从本地对话到智能服务接口:FastAPI封装GLM-4-9B-Chat-1M实战指南
引言:大模型落地的最后一公里困境
你是否曾遇到这些痛点:本地部署的GLM-4模型仅能通过Python脚本调用?想将其集成到业务系统却受制于复杂的模型调用逻辑?需要为团队提供统一的AI服务接口却缺乏高效方案?本文将通过10个实战步骤,教你如何使用FastAPI将GLM-4-9B-Chat-1M模型封装为高性能API服务,彻底解决大模型落地应用的技术壁垒。
读完本文你将掌握:
- GLM-4-9B-Chat-1M模型的本地部署与优化
- FastAPI服务构建的核心技术与最佳实践
- 长文本处理与流式响应的实现方案
- 模型服务的性能调优与压力测试方法
- 完整的API服务部署与监控体系
一、GLM-4-9B-Chat-1M模型深度解析
1.1 模型核心特性
GLM-4-9B-Chat-1M是THUDM推出的新一代开源对话模型,具备三大核心优势:
| 特性 | 技术参数 | 应用场景 |
|---|---|---|
| 超长上下文 | 支持100万token(约200万中文字符) | 文档处理、法律分析、代码审计 |
| 多语言支持 | 原生支持26种语言 | 跨境客服、多语言内容生成 |
| 工具调用能力 | 内置函数调用机制 | 智能问答系统、自动化办公 |
1.2 模型架构解析
核心创新点在于其 rotary positional embedding(旋转位置编码)实现,通过以下代码片段可清晰看到其工作原理:
def apply_rotary_pos_emb(x: torch.Tensor, rope_cache: torch.Tensor) -> torch.Tensor:
# x: [b, np, sq, hn]
b, np, sq, hn = x.size(0), x.size(1), x.size(2), x.size(3)
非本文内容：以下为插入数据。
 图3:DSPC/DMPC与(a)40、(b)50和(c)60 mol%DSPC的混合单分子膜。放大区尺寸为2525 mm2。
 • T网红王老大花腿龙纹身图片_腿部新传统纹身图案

rot_dim = rope_cache.shape[-2] * 2
x, x_pass = x[..., :rot_dim], x[..., rot_dim:]
rope_cache = rope_cache[:, :sq]
xshaped = x.reshape(b, np, sq, rot_dim // 2, 2)
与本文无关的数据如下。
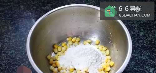 3将玉米粒捞起,沥干水分后倒入大盆中,再加入玉米淀粉;

rope_cache = rope_cache.view(-1, 1, sq, xshaped.size(3), 2)
x_out2 = torch.stack([
xshaped[..., 0] * rope_cache[..., 0] - xshaped[..., 1] * rope_cache[..., 1],
xshaped[..., 1] * rope_cache[..., 0] + xshaped[..., 0] * rope_cache[..., 1]
], -1)
x_out2 = x_out2.flatten(3)
return torch.cat((x_out2, x_pass), dim=-1)
1.3 本地部署与环境配置
基础环境要求
- Python 3.8+
- PyTorch 2.0+
- 至少24GB显存(推荐A100或同等配置GPU)
- 系统内存32GB+
快速部署步骤
# 克隆仓库
git clone https://gitcode.com/hf_mirrors/THUDM/glm-4-9b-chat-1m.git
cd glm-4-9b-chat-1m
# 创建虚拟环境
conda create -n glm4 python=3.10
conda activate glm4
# 安装依赖
pip install torch==2.1.0 transformers==4.44.0 fastapi uvicorn pydantic-settings python-multipart
基础调用示例
import torch
from transformers import AutoModelForCausalLM, AutoTokenizer
device = "cuda" if torch.cuda.is_available() else "cpu"
# 加载模型和分词器
tokenizer = AutoTokenizer.from_pretrained("./", trust_remote_code=True)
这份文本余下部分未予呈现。